Recently, two genetic causes of pure CMC disease have been identified in humans (Table 1). Puel et al⁴⁶ studied individuals and families with infectious susceptibility limited to CMC for inborn errors of IL-17, IL-17R, and IL-22. Other known causes of CMC disease were excluded clinically and genetically. Evaluation of an infant who was the product of a consanguineous union that presented with candidal dermatitis and subsequent Staphylococcus aureus dermatitis resulted in the first description of autosomal recessive CMC disease due to a homozygous nonsense mutation in the IL-17RA gene (Q248X/Q248X). The Q248X/Q248X mutation resulted in absent expression of IL-17RA on the patient’s blood cells and fibroblasts and a complete absence of responsiveness to IL-17A/F. Responsiveness to IL-17 cytokines was restored to the patient’s fibroblasts by transfection with wild type IL-17RA, confirming the lack of IL-17RA expression as the cause the patient’s CMC disease.

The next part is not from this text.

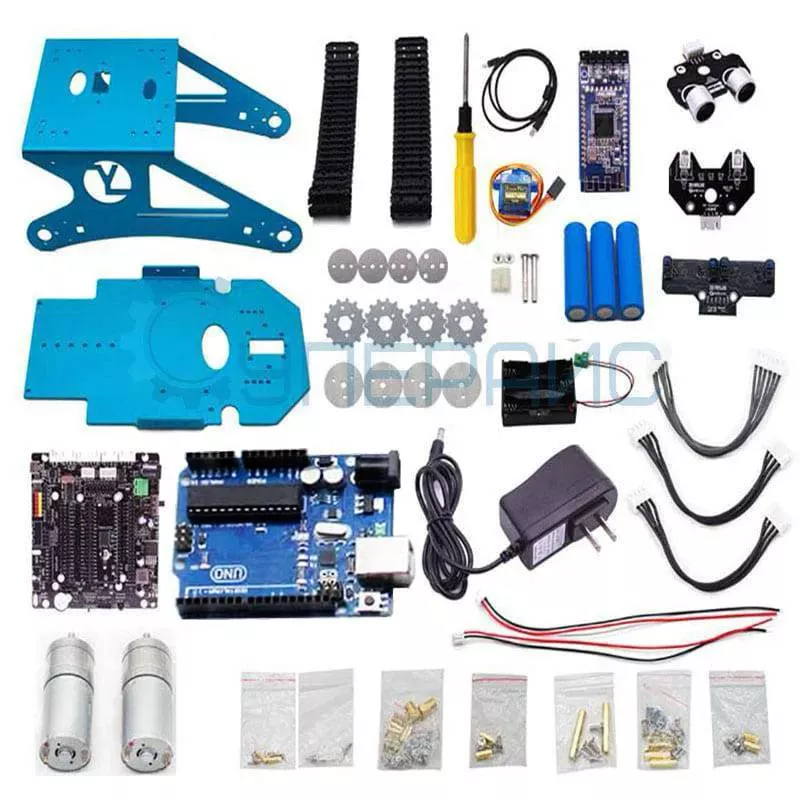 Представляемый Yahboom G1 Tank – это одновременно программируемый робот на гусеницах, набор для развития навыков конструирования и программирования, а также интересный способ провести досуг или даже протестировать собственные разработки. В качестве управляющего контроллера модели используется плата UNO R3, совместимая со средой Arduino, которая сочетает низкий порог вхождения и обширные возможности для творчества. Собирается набор без пайки – при помощи отвёртки и крепежа. В итоге пользователь получает гусеничного робота с датчиками и управлением через мобильное приложение.

Additionally, Puel⁴⁶ et al evaluated a multiplex family with autosomal dominant inheritance of CMC disease, identifying a heterozygous missense mutation in the IL-17F gene. The mutation resulted in the substitution of the serine residue at position 65 of the protein with a leucine residue (S65L). The S65 residue is conserved across all mammalian species and is believed to be involved in ligand-receptor interaction. The production of inflammatory cytokines by normal fibroblasts and blood cells elicited by mutant IL-17F(S65L) homodimers was severely impaired. In addition, stimulation of normal fibroblasts and keratinocytes with heterodimers consisting of IL-17F(S65L)/IL-17FWT or IL-17F(S65L)/IL-17A resulted in severely impaired production of inflammatory cytokines, demonstrating a dominant negative effect of IL-17F(S65L). Interestingly, the IL-17F(S65L) mutation was also found in two apparently healthy members of the family members, suggesting incomplete clinical penetrance. At present, although experience is very limited with patients having genetic defects in IL-17F or IL-17RA, these observations support a role for Th17 cells and Th17 cytokines that is limited to mucosal immunity against Candida, and possibly S aureus (Fig. 1).